Conditions To Use The Technique
Now we summarise below the confidence intervals we have constructed so far. The two-sided confidence intervals with $(1-\alpha) \times 100\%$ confidence level are:
$\boldsymbol{\mu}$ with known $\boldsymbol{\sigma}$ | $\boldsymbol{\mu}$ with unknown $\boldsymbol{\sigma}$ | $\boldsymbol{\sigma^2}$ |
---|---|---|
$\bar{X} \pm Z_{\frac{\alpha}{2}} \cdot \frac{\sigma}{\sqrt{n}}$ | $\bar{X} \pm t_{\frac{\alpha}{2},n-1} \cdot \frac{S}{\sqrt{n}}$ | $\left[ \cfrac{(n-1)S^2}{\chi^2_{\frac{\alpha}{2},n-1}}, \cfrac{(n-1)S^2}{\chi^2_{1-\frac{\alpha}{2},n-1}} \right]$ |
One thing we need to remember is that when we construct those CIs, there are some assumptions. Therefore, there are conditions for us when we use the above formulae. Let’s look at them explicitly.
First of all, we need the sample $X_1,X_2,\cdots,X_{n-1},X_n$ to be i.i.d.. Therefore, the sample must be randomly and independently selected from the population. If this is not the case, the sample is not a good representation of the population, so the conclusion will not be useful. This condition must be met for all statistical inferences besides confidence intervals.
Now let’s look at those CIs one by one. The reason we use $\bar{X} \pm Z_{\frac{\alpha}{2}} \cdot \frac{\sigma}{\sqrt{n}}$ is predicated on the assumption that
$$\cfrac{\bar{X} - \mu}{\sigma/\sqrt{n}} \sim \mathcal{N}(0,1)$$
When is that true? It is true when $\bar{X}$ follows a normal distribution. When does $\bar{X}$ follow a normal distribution? When the population is normally distributed or the sample size is large enough.

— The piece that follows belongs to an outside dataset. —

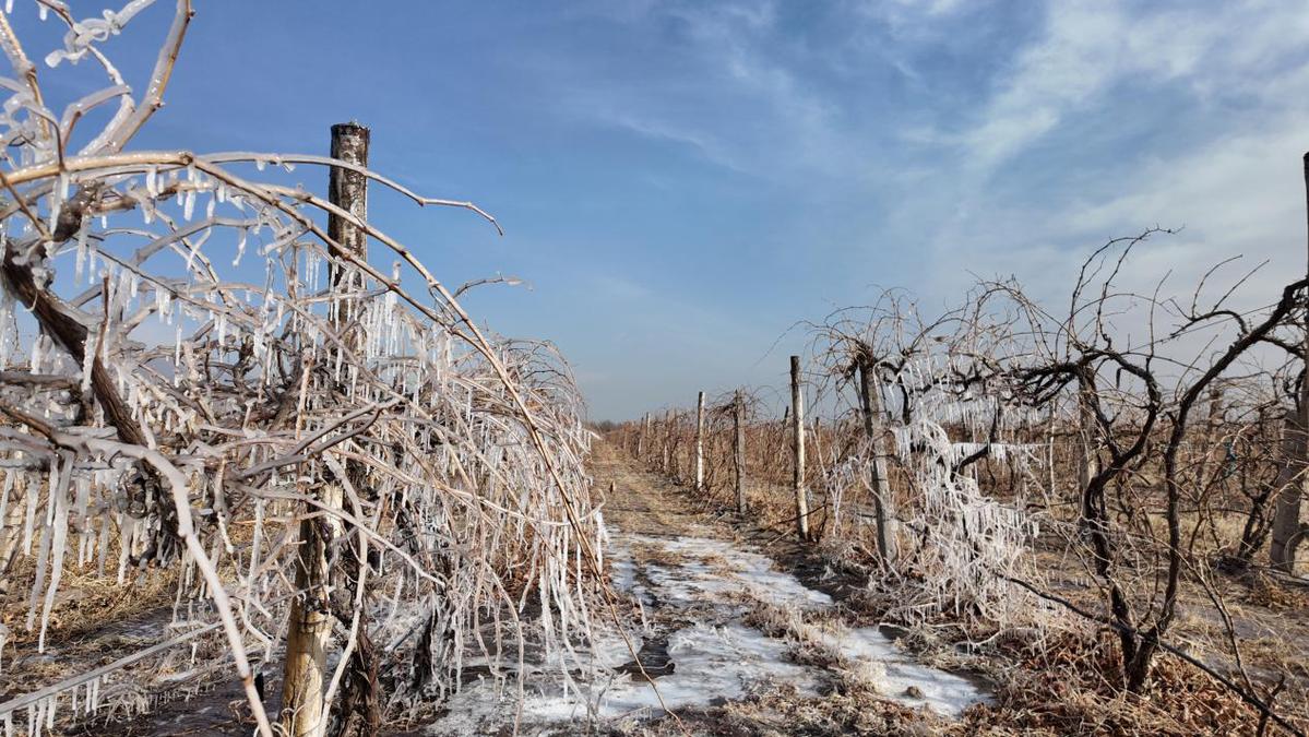 1月的宁夏贺兰山东麓,寒风凛冽,多数酒庄的葡萄园已覆土静待春归。然而,位于宁夏石嘴山的玖禧酩庄园地里却展现出一幅与众不同的生动图景:葡萄藤上冰霜晶莹,在冬日阳光下闪烁如钻。这并非自然偶得,而是中国自主培育的高抗寒葡萄品种“北系”免埋土技术成功应用的生动写照。

Further, the reason we use $\bar{X} \pm t_{\frac{\alpha}{2},n-1} \cdot \frac{S}{\sqrt{n}}$ is predicated on the assumption that
$$\cfrac{\bar{X} - \mu}{S/\sqrt{n}} = \cfrac{\frac{\bar{X}-\mu}{\sigma/\sqrt{n}}}{\sqrt{\frac{(n-1)S^2}{\sigma^2} \cdot \frac{1}{n-1}}} \sim \boldsymbol{\mathcal{T}}(n-1)$$
When is that true? When the numerator $\frac{\bar{X} - \mu}{\sigma/\sqrt{n}}$ follows a standard normal distribution AND the term $\frac{(n-1)S^2}{\sigma^2}$ in the denominator follows a $\chi^2(n-1)$ distribution. When are those true? We already talked about the numerator. For $\frac{(n-1)S^2}{\sigma^2}$ to follow a $\chi^2(n-1)$ distribution, we need the population to be normally distributed.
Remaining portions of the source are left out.